On Monday, 20 May 2013 at 06:53:34 UTC, Idan Arye wrote:
On Monday, 20 May 2013 at 05:39:42 UTC, Diggory wrote:
In your logic you're assuming that the order of operations is
maintained - without the correct memory barriers or
synchronisation both the compiler and CPU are free to
completely reorder any operations you do. That's why it's
always a bug to access mutable shared data without
synchronisation - any read not using some form of
synchronisation could give you back any value that the memory
is ever set to during the course of the program.
It can't be THAT chaotic. Neither the compiler nor the CPU will
perform a check on a value and then go back in time to fetch an
old version of that value and return it. This kind of behavior
would break non-threaded code.
Of course it's possible, for example the code may produce the
expected result if some invariant holds which does in fact hold
if there was a single thread running, but with multiple threads
the invariant is broken. Or more simply - the fact remains that
you are writing on one thread (correctly using synchronisation)

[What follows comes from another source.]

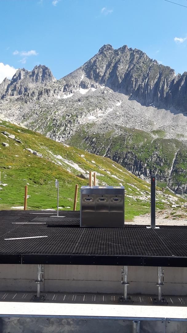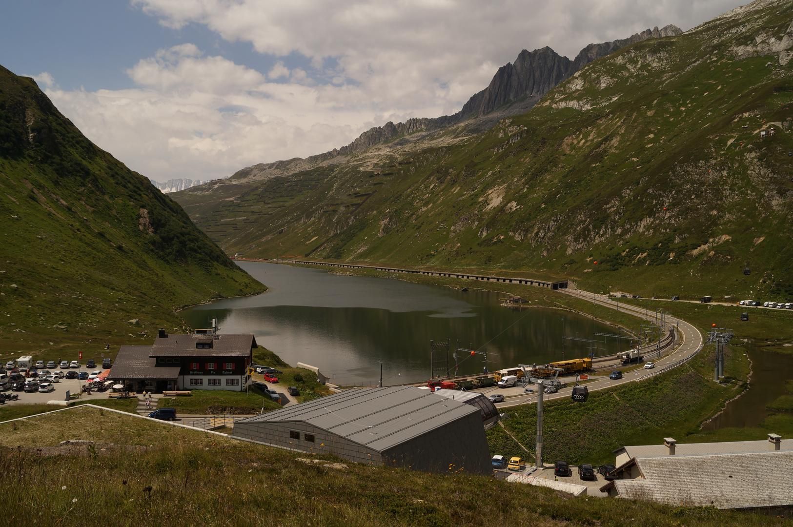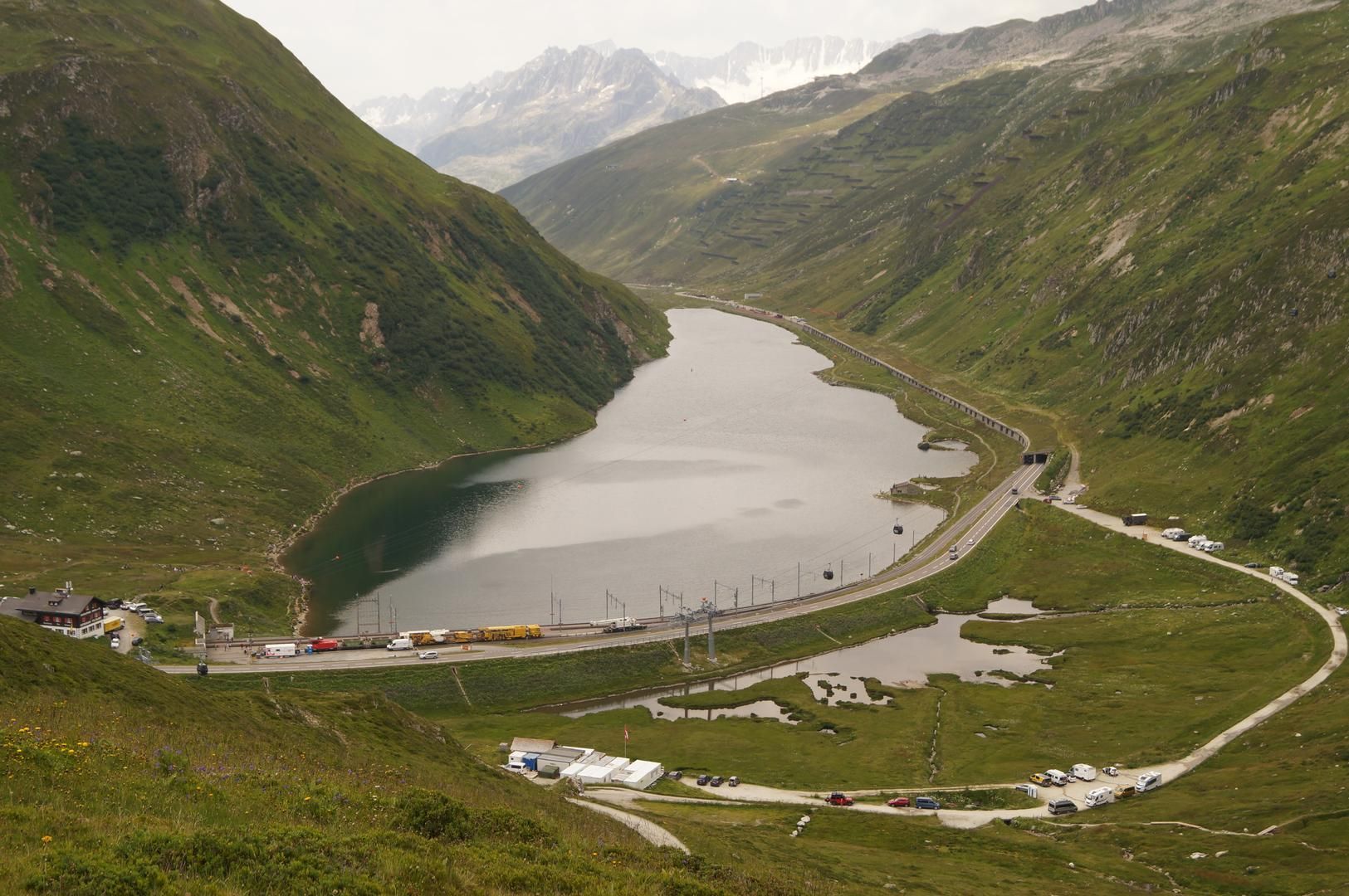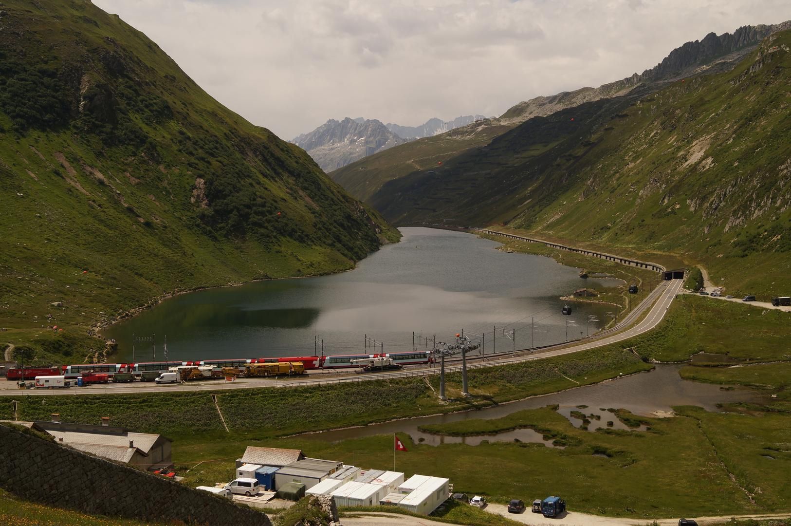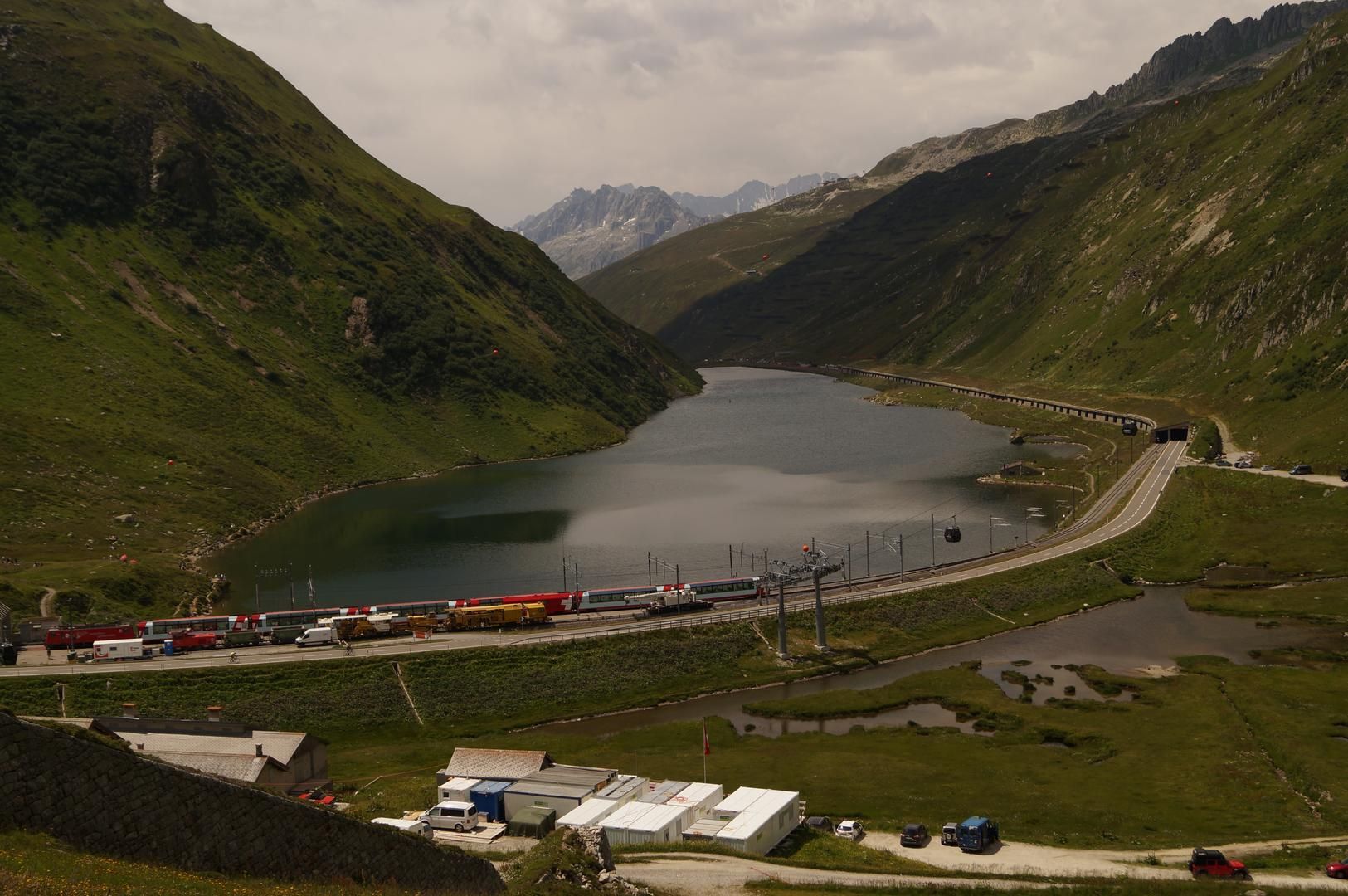 Am 2. Tag fuhr ich mit der Bahn auf den Oberalppass (2044m). Dort nahm ich die Gondelbahn zum Schneehüenerstock auf 2600m. Mir fielen die imposanten Militäranlagen auf (siehe Fotos). Nach dem Mittagessen fuhr ich wieder zum Oberalppass zurück und machte eine Wanderung auf den Calmut (2310m). Auf dem Rückweg wurde ich von einem heftigen Gewitter erfasst und eine Schuhsohle löste sich. Tropfnass wartete ich auf den Zug nach Andermatt.

and reading from another (not using synchronisation) and
synchronisation is required on both the read and the write. The
compiler/CPU is then free to reorder the reads under the
assumption that the value won't change, and this assumption is
clearly wrong.
Basically most of your argument is just hoping that it will
behave the way you want, but without having any real guarantees,
and that's not the way to write thread-safe code, especially if
it's going to be part of the standard library.